§ Dataset content:
---------------

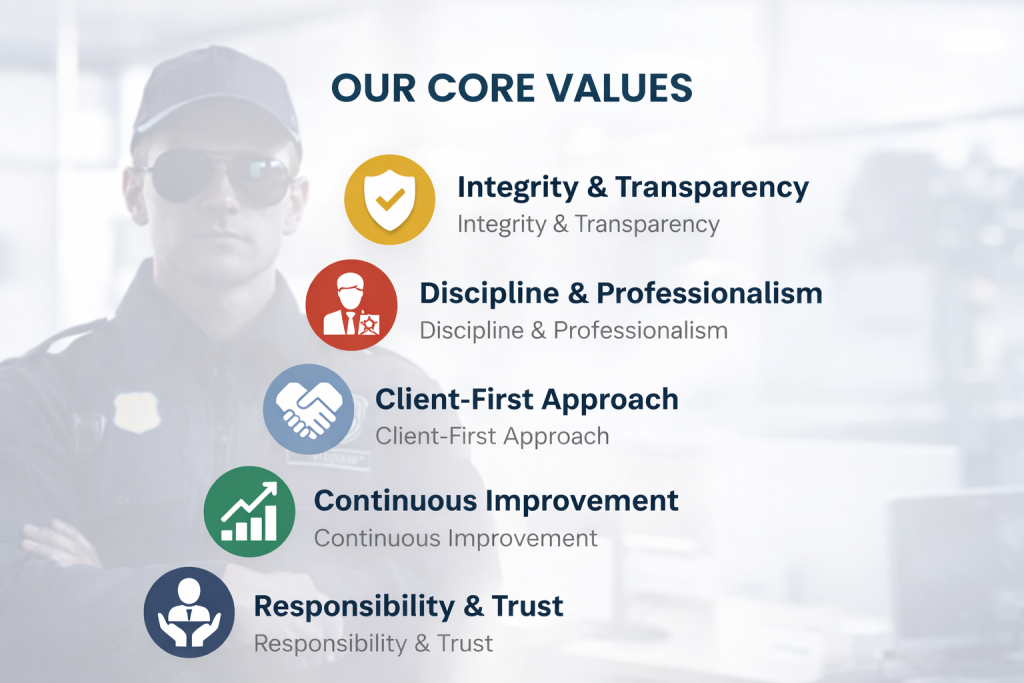 Professional security solutions designed to protect employees, assets, and operations with controlled access and disciplined monitoring.
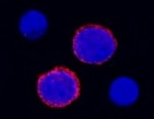 CD27/TNFRSF7 in Mouse Splenocytes. CD27/TNFRSF7 was detected in immersion fixed mouse splenocytes using Rat Anti-Mouse CD27/TNFRSF7 Monoclonal Antibody (Catalog # MAB574) at 8 µg/mL for 3 hours at room temperature. Cells were stained using the NorthernLights™ 557-conjugated Anti-Rat IgG Secondary Antibody (red; Catalog # NL013) and counterstained with DAPI (blue). Specific staining was localized to plasma membrane. View our protocol for Fluorescent ICC Staining of Non-adherent Cells.
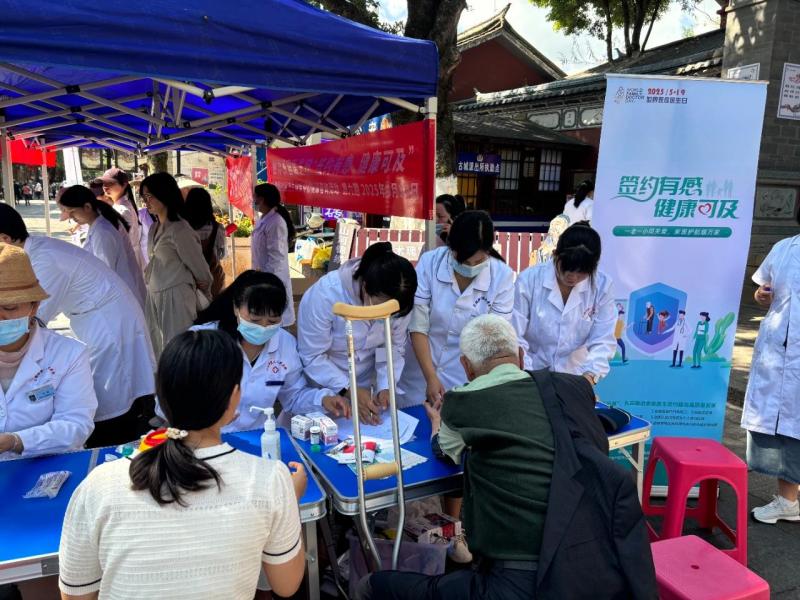 522日,学校门诊部受大理市卫健局邀请,到大理古城开展“家庭医生签约”义诊宣传活动。活动现场,门诊部社区公卫科工作人员通过悬挂宣传主题标语、向广大居民群众宣传“家庭医生签约”服务意义和内容、合理膳食、中医药保健知识、家庭医生团队、签约服务的内容、服务方式和优惠措施等活动;传播以签约服务促进健康管理的理念,增加家庭医生团队社会美誉度,提高居民签约的积极性。活动中,门诊部工作人员还为居民测量血压,测血糖,并对居民提供中医推拿等康复义诊服务。
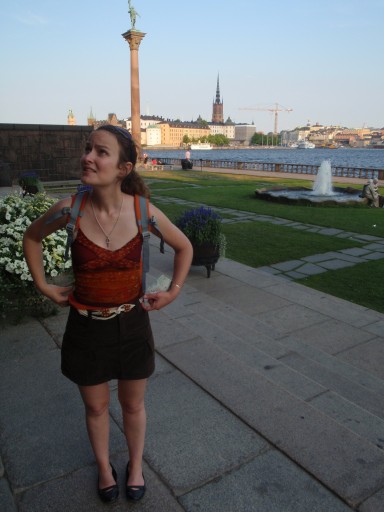 nous avons traversé Riddarholmen, avec son joueur de lyre sous le soleil couchant de la place :

---------------

§ To do: In the listing above, find the line with "CD27/TNFRSF7 in Mouse" and the line with "522日,学校门诊部受大理市". Copy both of them and every line between, exactly, but not the pictures.

§ Answer space:
 CD27/TNFRSF7 in Mouse Splenocytes. CD27/TNFRSF7 was detected in immersion fixed mouse splenocytes using Rat Anti-Mouse CD27/TNFRSF7 Monoclonal Antibody (Catalog # MAB574) at 8 µg/mL for 3 hours at room temperature. Cells were stained using the NorthernLights™ 557-conjugated Anti-Rat IgG Secondary Antibody (red; Catalog # NL013) and counterstained with DAPI (blue). Specific staining was localized to plasma membrane. View our protocol for Fluorescent ICC Staining of Non-adherent Cells.
 522日,学校门诊部受大理市卫健局邀请,到大理古城开展“家庭医生签约”义诊宣传活动。活动现场,门诊部社区公卫科工作人员通过悬挂宣传主题标语、向广大居民群众宣传“家庭医生签约”服务意义和内容、合理膳食、中医药保健知识、家庭医生团队、签约服务的内容、服务方式和优惠措施等活动;传播以签约服务促进健康管理的理念,增加家庭医生团队社会美誉度,提高居民签约的积极性。活动中,门诊部工作人员还为居民测量血压,测血糖,并对居民提供中医推拿等康复义诊服务。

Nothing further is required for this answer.